MANY contributors to HoL use Microsoft products and those individuals, as "End Users Licencees" are unlikely to have received a financial inducement to do so. (MS were believed to be paying commission of $10 to $15 to salesmen to shift their hard-to-shift mobile phones.)
But in the corporate world, its a different story. The Wall Street Journal suggests that in China, Italy and Romania, MS have paid bribes to shift their stuff and that Microsoft is under investigation.
Haringey Council is a pure Microsoft site and it appears to be wedded to a corporation that frequently flouts laws around the world. The local council show little inclination for example, to adopt Open Source software that could offer savings in the long run. Can MS sell to corporates on merits alone?
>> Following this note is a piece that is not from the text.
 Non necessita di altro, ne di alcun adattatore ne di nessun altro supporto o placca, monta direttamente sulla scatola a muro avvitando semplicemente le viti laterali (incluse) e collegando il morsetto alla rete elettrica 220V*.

Is the quality of their products sufficient to be bought solely on merit?
Our local council's IT department already exhibits complacency over its wasteful, inefficient implementation of PDFs. Is it not overdue for a shake up?
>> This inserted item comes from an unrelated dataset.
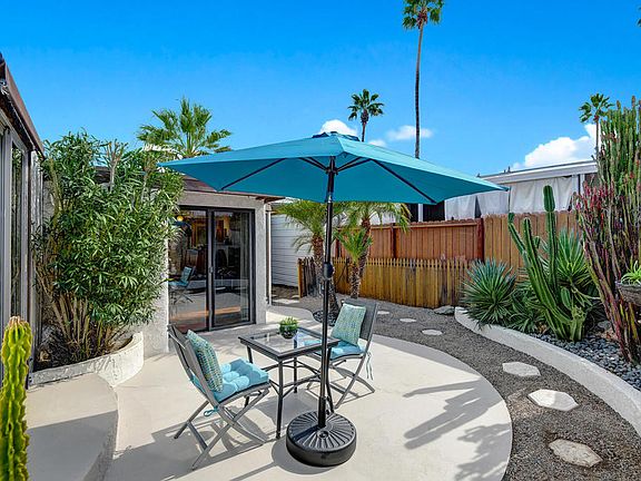 ONE OF THE BEST DEALS IN PALM DESERT! Located in the well-maintained Silver Spur Community, which offers a gorgeous pool, spa, clubhouse, and fitness center, this manufactured home features stunning eastern AND western views, a serene back patio, and plenty of storage. This unit would make the perfect full-time home or weekend getaway. A short drive from great hiking, El Paseo shopping/dining, and great golfing options, this little dream home offers the perfect blend of comfort and convenience. As you enter, you'll be greeted by a bright and airy living room with large windows that showcase the stunning views of the surrounding mountains. The kitchen is equipped with all the necessities, including modern appliances and ample storage space; its adjacent dining room can also be used as a home office. The master bedroom is a true oasis, with its own en-suite bathroom, built-ins, and laundry room. The guest bathroom has a shower/tub combo (not to mention great wallpaper!). The property's charming touches and upgrades make this a little piece of paradise in Palm Desert. Schedule your tour today!

Tags for Forum Posts: IT, Microsoft, bribe, bribery, contracts, council, department, merits, quality
Hi,
I used to work for DTI(BIS) and several other central government agencies as a support and solutions engineer. I had a converstion with several project managers before about introducing open source or alternative solutiions to our clients,namely ruby on rails or SUSE, but this this was shot down as soon as I brought in a solution with open source. My understanding, is if the company can make a lot of money from their clients from licences they will do it . unfortunately, in this country "ALL" of our senior civil servants dealing with IT contracts are short sighted. We need to copy France and Germany, their goverments use SUSE or other open source platforms. But I think its the way this country works. It does not invest in development anymore, if can get it cheaper or they think can can, they will do it. There needs to be more forward thinking, not just cut and paste in a platform, pay loads of money to a large corporate company who will milk the goverment for whats its worth and deliver a sub standard system.
thats how the NHS's so called IT upgrade failed by the way, the suppliers were not developing anything, just cut and paste systems from elsewhere and prayed it worked.